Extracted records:
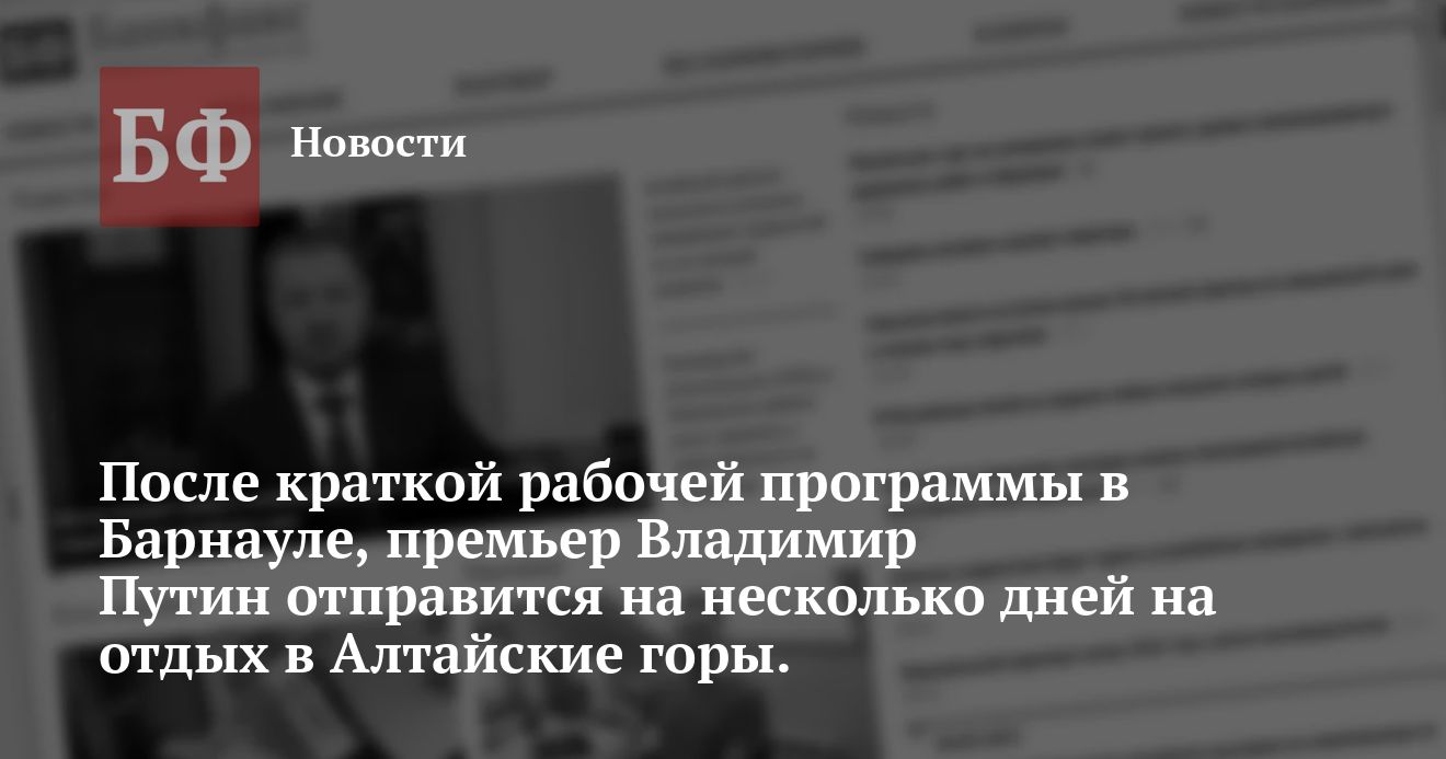 После краткой рабочей программы в Барнауле, премьер Владимир Путин отправится на несколько дней на отдых в Алтайские горы.
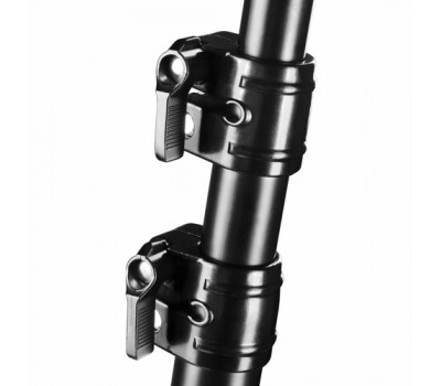 The tripods are very compact and portable at a weight of only approx. 2-2kg and a transport length of approx. 109 cm each. Due to its compact transport size they are particularly easy to stow away and transport. For this reason they are also very well-suited for smaller studios. That way plenty of space remains for other equipment. A transport bag is included for each tripod.
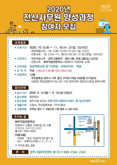 | ▲전산사무원 양성과정 참여자 모집 공고. (사진=양주시 제공) |
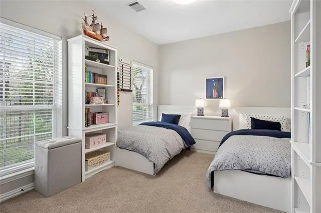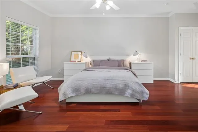 Unwind in the luxurious primary suite, complete with a frameless shower, private access to the backyard, and dual walk-in closets with custom built-ins.
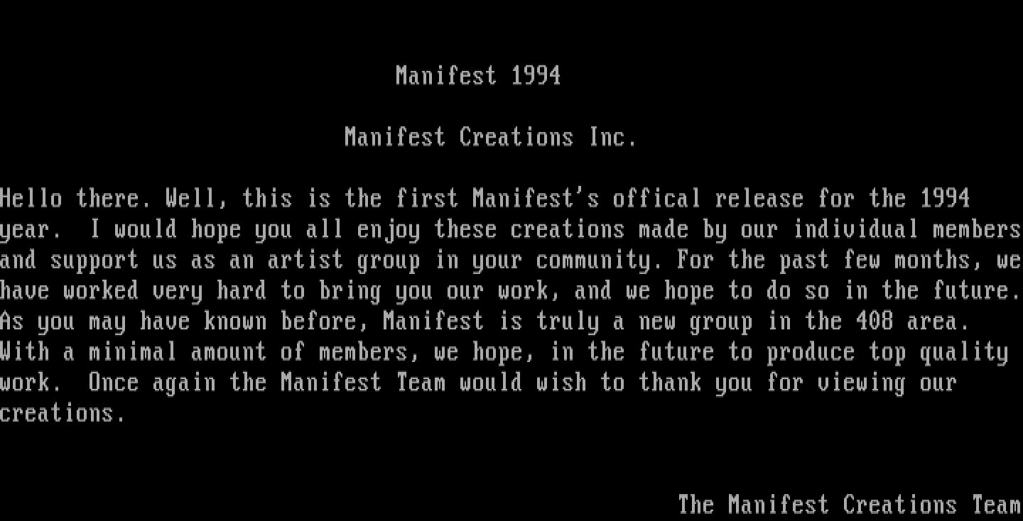 Hello there. Well, this is the first Manifests offical release for the 1994
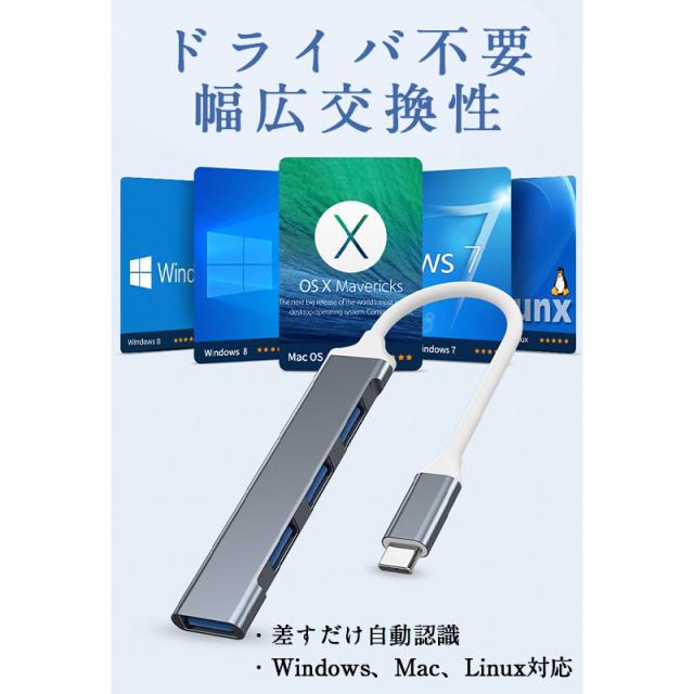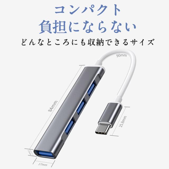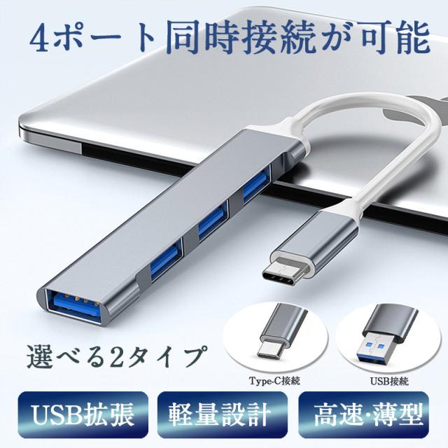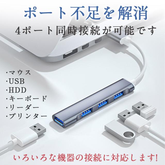 ★限定クーポン★USBハブ 3.0 4ポート USB拡張 薄型 軽量設計 usbポート type-c 接続 コンパクト 4in1 高速 Macbook Windows
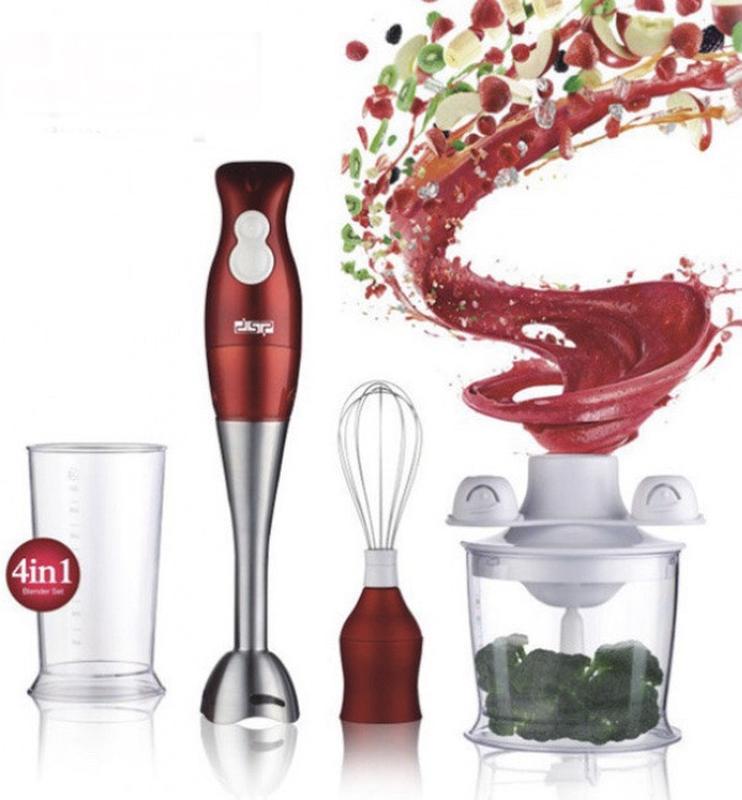 Блендер DSP 4в1 200W Model:KM1004 Для того чтобы приготовление пищи приносило Вам удовольствие, и не отнимало много времени, необходимо пользоваться техникой для кухни. Как не вспомнить про такой кухонный атрибут, как блендер. Мы рекомендуем Вам купить блендер DSP . Блендер DSP с легкостью справится с взбиванием жидких смесей до придания им воздушной структуры, смешиванием коктейлей, муссов и других жидкостей, измельчит всевозможные продукты до рубленного или пастообразного состояния, приготовит картофельное или другое пюре, суп-пюре. Также, ему доступна колка льда. Блендер DSP относится к ручному (погружному) типу. Во время работы, Вы погружаете рабочую часть блендера (ножку блендера с ножом или венчик) в емкость с продуктами. Он портативен и легко поддается манипуляциям. Погружной блендер миниатюрнее и легче ручного миксера, а также функциональнее своих стационарных аналогов. Ручной блендер DSP обладает веретенообразной формой. Корпус сделан из нержавеющий стали, с красной вставкой. В целом, модели характерен приятный, стильный дизайн, который хорошо впишется в интерьер Вашей кухни. На корпусе погружного блендера DSP имеются две кнопки. Первая отвечает за работу на стандартной скорости, вторая кнопка выполняет функцию «турбо» - кратковременного повышения скорости вращения насадок до максимального уровня. В результате, мы получаем более тщательное смешивание, взбивание и измельчение. К нижней части ручного блендера DSP крепятся три рабочие поверхности: насадка- блендер для смешивания и измельчения; венчик, предназначенный для взбивания жидких смесей; чоппер со стальным двухлопастным ножом и крышкой, для измельчения твердых продуктов. Пластиковая «юбка» насадки-блендера защищает нож от ударов о края посуды. В комплект с блендером DSP входит практичный держатель для аксессуаров, который крепится к чаше чоппера. На нем удобно размещаются ручка блендера с электромотором, насадка блендера и венчик. В таком положении, блендер готов к хранению. Держатель, насадки блендера и чаша чоппера пригодны для мытья в посудомоечной машине. Технические характеристики: 2 уровня скорости Материал ножей: нержавеющая сталь Насадка-венчик Насадка-чоппер Держатель для хранения Съемная ножка блендера Уровень шума ≤ 80 дБ Мощность: 200Вт
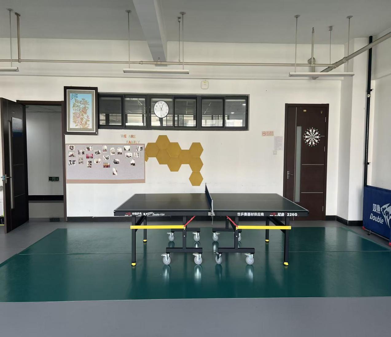 全新亮相的“语嫣“小家功能齐全,环境温馨,充分考虑了教职工的多元化需求,分为阅读区、运动区、休闲娱乐区。倚窗而设的书架陈列着中外文学名著、专业期刊及社科读物;运动区内摆放着乒乓球台、动感单车及壶铃等多种健身器材;休闲娱乐区设有舒适的座椅,热水壶、咖啡机、烤箱等,为教师们提供了课间小憩、学术交流与情感沟通的理想场所。
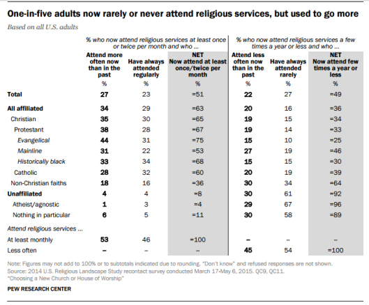 Of those who attend only a few times a year, 15 percent of both evangelicals and historically black Protestants said they’re attending less often than they did previously.
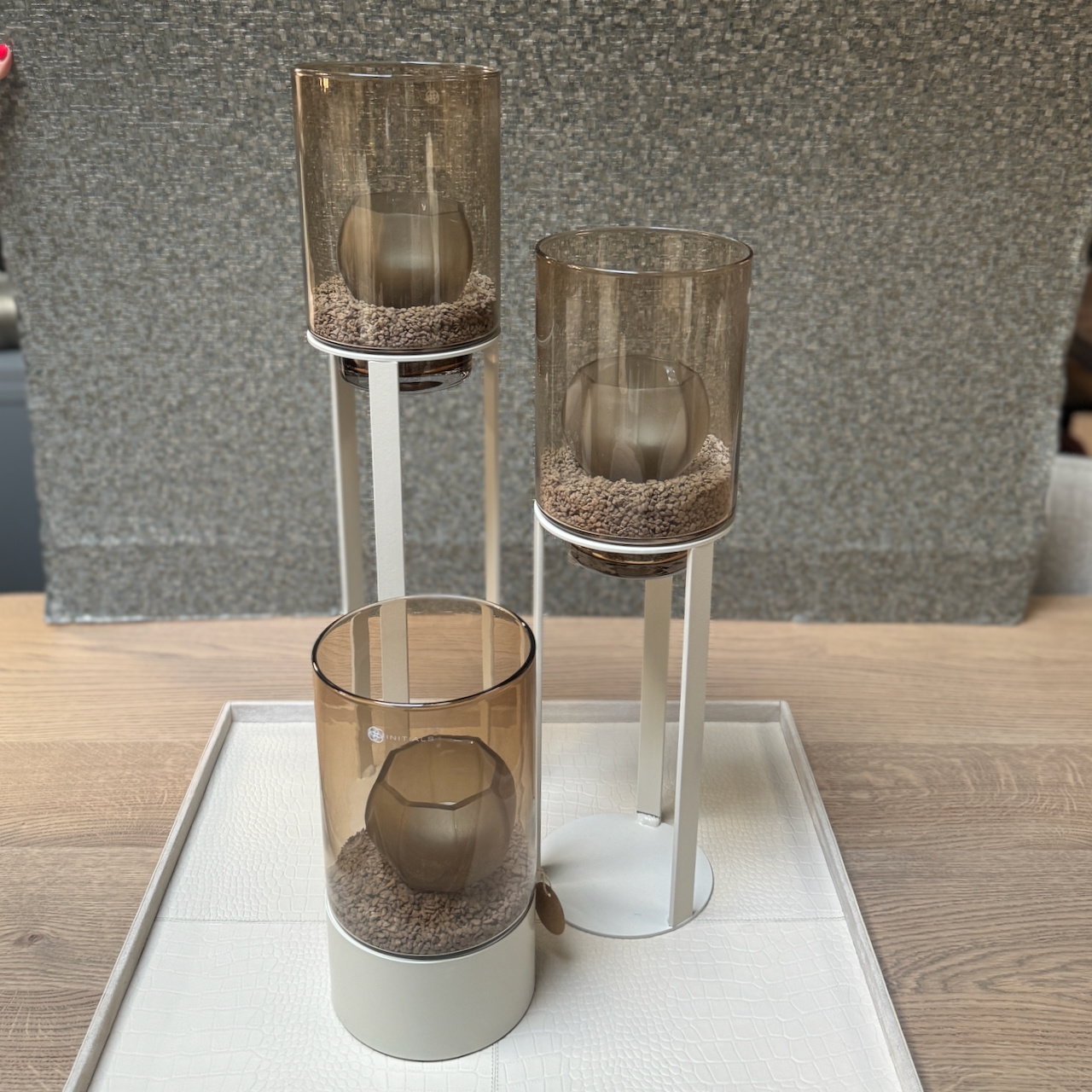 Leuk om er bij te bestellen zijn de kleine steentjes in het beige en zwart en bruin (9,95). Staat de kaars goed stevig.
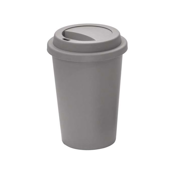Vaso de viaje de 450 ml, fabricado en PP con tapa también de PP. Diseño práctico y capacidad perfecta para llevar bebidas al instante.
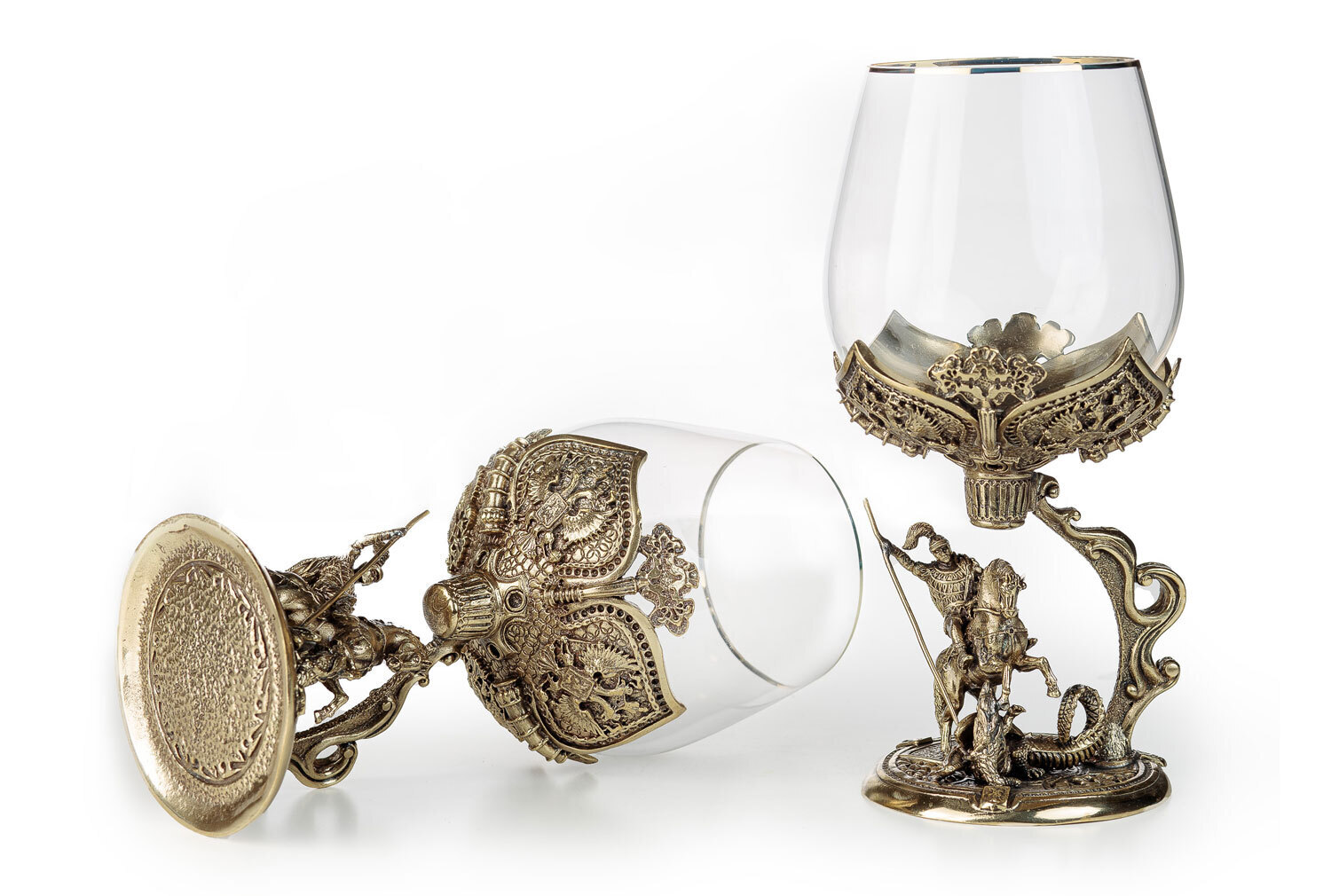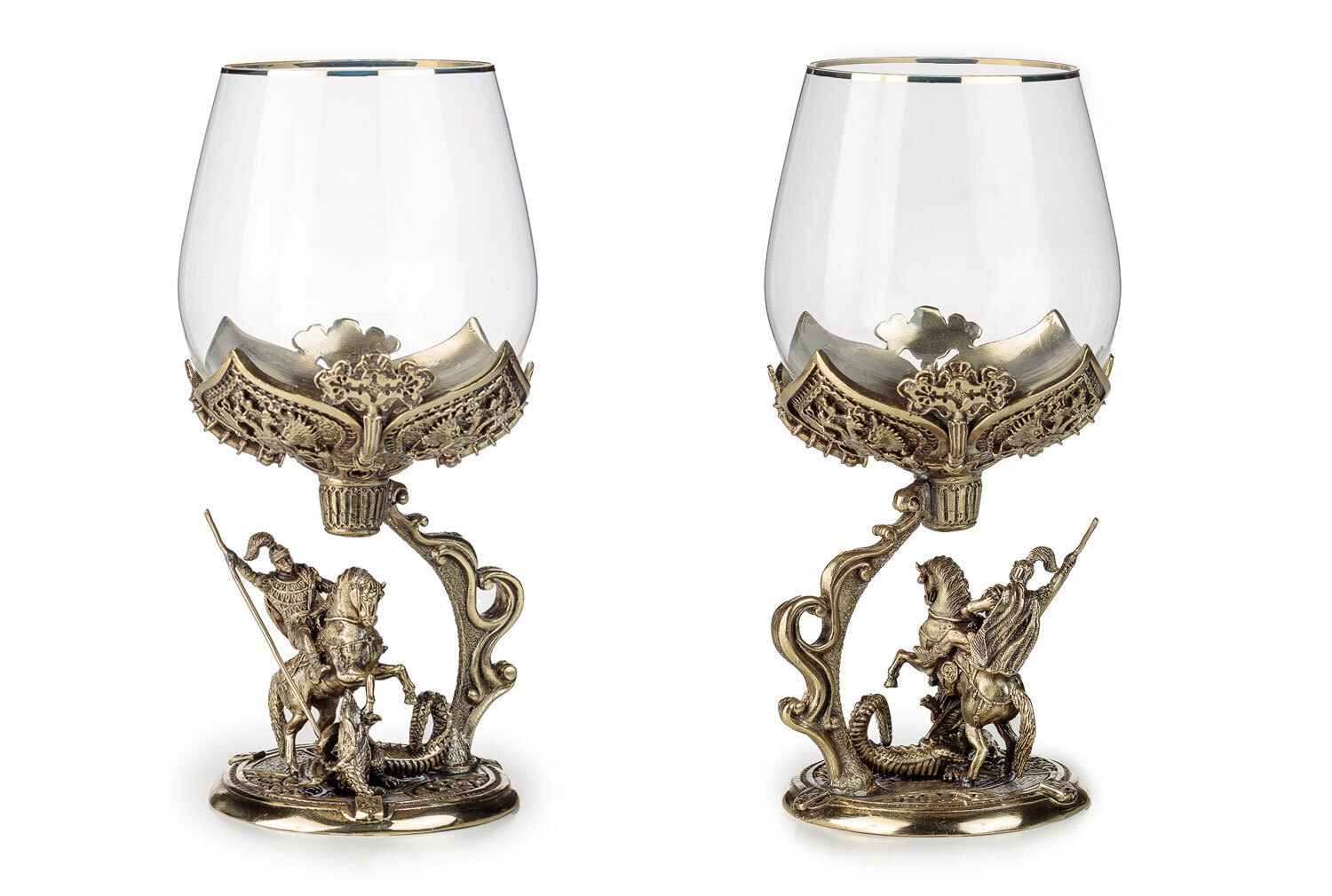 Георгий Победоносец на своем верном коне, копьём побеждает змея. Такую композицию, выполненную вручную в технике художественного литья можно увидеть на бокале для коньяка.

● **Work instruction**
Set down nothing but the lines from the one containing "Leuk om er bij" to the final line above, both included, with every picture left out.

● **Response area**
 Leuk om er bij te bestellen zijn de kleine steentjes in het beige en zwart en bruin (9,95). Staat de kaars goed stevig.
Vaso de viaje de 450 ml, fabricado en PP con tapa también de PP. Diseño práctico y capacidad perfecta para llevar bebidas al instante.
 Георгий Победоносец на своем верном коне, копьём побеждает змея. Такую композицию, выполненную вручную в технике художественного литья можно увидеть на бокале для коньяка.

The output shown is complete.